Lost House is a dreadful mess. The novel's disorder may have something to do with the fact that it first appeared serialized in Argosy (Aug 27 - Oct 1, 1938). Its fabric is woven with several threads that are subsequently dropped, the most intriguing involving Verve. A new brand of cigarette. Verve is a frequent topic of conversation, as in this early exchange between Pamela and David:  
"You've been smoking a tremendous lot." Her eyes were on the big ash tray before her.
   "Yes."
   "I like Verves," she decided, looking at the tray. "Not as much as you do, apparently... I don't smoke very much though. But when one is a bit tired, a Verve seems to give one exhilaration. Doesn't it?"
   "Yes," David said after a moment, "I... think it does."
   "You say that very strangely."
   "Do I ?" He shifted in his chair. "perhaps I'm a little lightheaded. I've sat here and smoked twenty of them in a row, and they do give one exhilaration. That's... the way they're advertised, of course. But other cigarettes, other things, have been advertised that way, too. Only... this time... and the whole world is smoking Verves. They've caught on extremely well. The whole world."
   She said, troubled, "You are queer."
   "Sorry." He crushed out the cigarette carefully and locked his hands together.
More follows, including a suggestion that the cigarettes have some sort of additive, but the subject is dropped in the first half of the novel. In the latter half, it's revealed that the Angel is using Lost House to store marijuana bound for the United States and United Kingdom. It seems a very lucrative trade. Might the drug have something to with Verve? The question is asked, but never answered.


Lost House was the second ever Harlequin, but the publishers pushed it like old pros.

Dope? Sure.

Danger? Ditto.

Dolls? Well, Pamela is described as attractive in the way prospective a mother-in-law might approve. Wees makes something of her playing around with "the soft pink ruffles of her skirt" when speaking to David in the final chapter. That's sexy, I guess. But Pamela's just one doll. The female guests at Lost House include a sad middle-aged widow who has yet to throw off her weeds, elderly Lady Riley, and two older spinster sister twins who live for knitting. 

Pamela's mother often appears in a lacy negligee, though only before her daughter. Is Mrs Leighton the the other doll?

Back cover copy continues the hard sell:


Pamela does not "land at David's feet, showing more in the process than a nice girl would normally show to a strange male." She wears a heavy skirt that approaches the length of a nun's habit. I add that she has sensible walking shoes.

Lost House is not "a fashionable British Columbia retreat for wealthy guests from all over the world;" it is nowhere so exotic, attracting only the dullest the English have to offer.

At end of it all, I found Lost House neither hot nor cold. It's lukewarm at best, despite Mrs Leighton's negligees.

*In fairness, as a romance novel, No Pattern for Life doesn't fit the Ricochet series. I recommend it as a strange romance.

Trivia I: In the preface to the anthology Investigating Women: Female Detectives by Canadian Writers (Toronto: Dundurn, 1995), David Skene-Melvin writes that the novel's royalties helped finance "Lost House," Wees's home in Stouffville, Ontario.

Trivia II: Like Wees, David is a graduate of the University of Alberta. He and his father practice medicine at the University Hospital, Edmonton. 

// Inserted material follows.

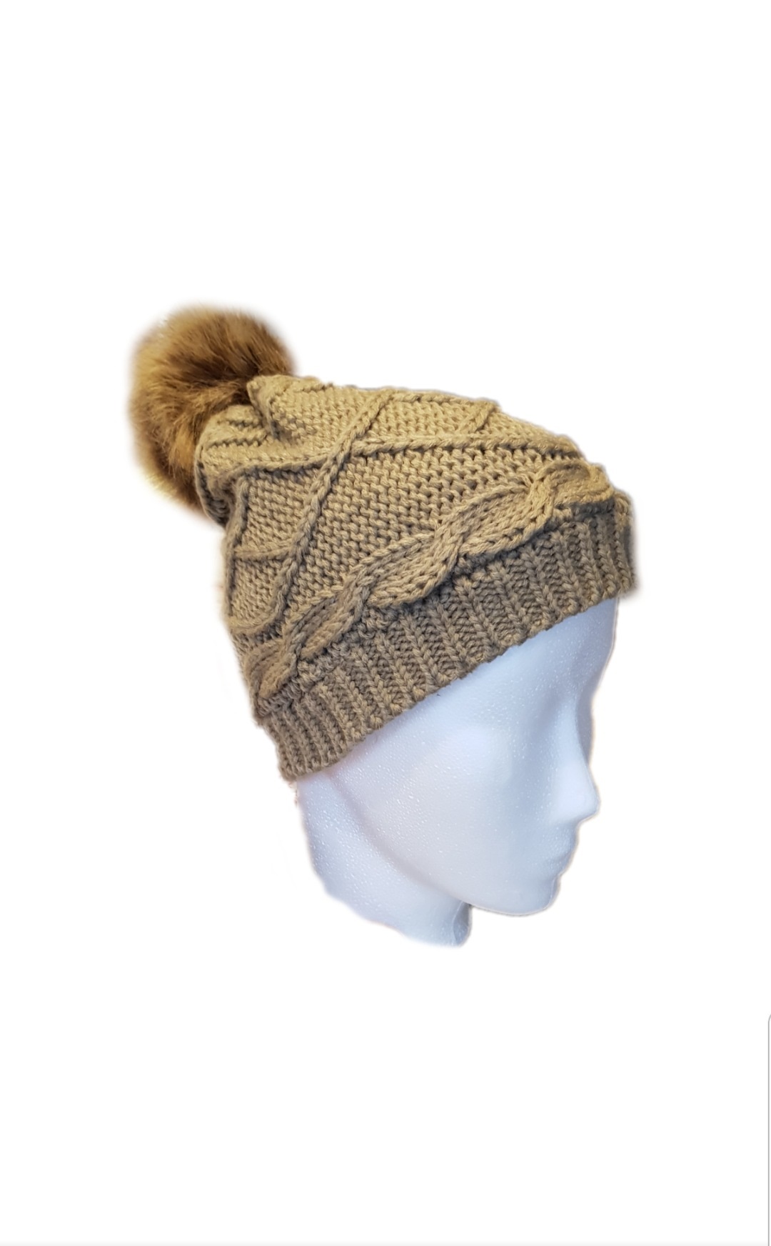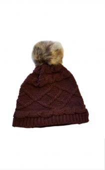 Bommelmütze in braun und bordeaux mit Fleeceausfütterung
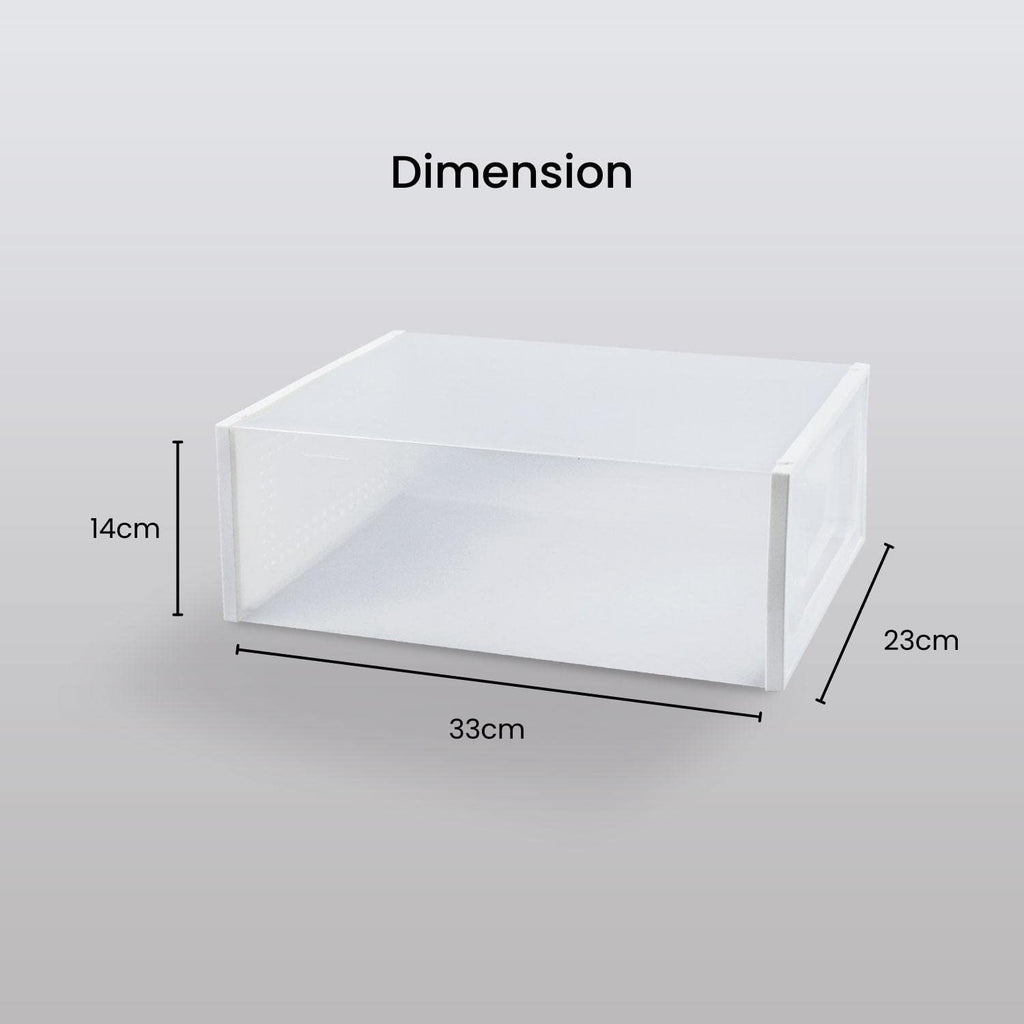 Drop-front opening ensures easy access: The Plastic Shoe Organizer is a great way to keep your shoes organized and easy to find. The organizer has a see-through window on the front so you can see what's inside without having to open it. The transparent plastic also makes it easy to find the pair of shoes you're looking for. The shoe organizer is made of durable plastic and has a non-skid base to keep it in place. It can be folded flat for easy storage when not in use.

University Hospital, Edmonton, Alberta, c. 1938

Object: A very early Harlequin, my copy is a fragile thing. The publisher used the same cover in 1954 when reissuing Lost House as book #245, marking the last time the novel saw print. 

Access: Lost House was first published as a book in 1938 by Philadelphia's Macrae-Smith. The following year, Hurst & Blackett published the only UK edition. In 1940, the novel appeared as a Philadelphia Record supplement.


As of this writing, one jacketless copy of the Macrae-Smith edition is being offered online. Price: US$50.00. I'm not sure it's worth it, but do note that the image provided by the bookseller features boards with yellow writing. I believe orange/red (above) to be more common.

The Whitchurch-Stouffville Public Library doesn't hold a single edition of Frances Shelley Wees's twenty-four books.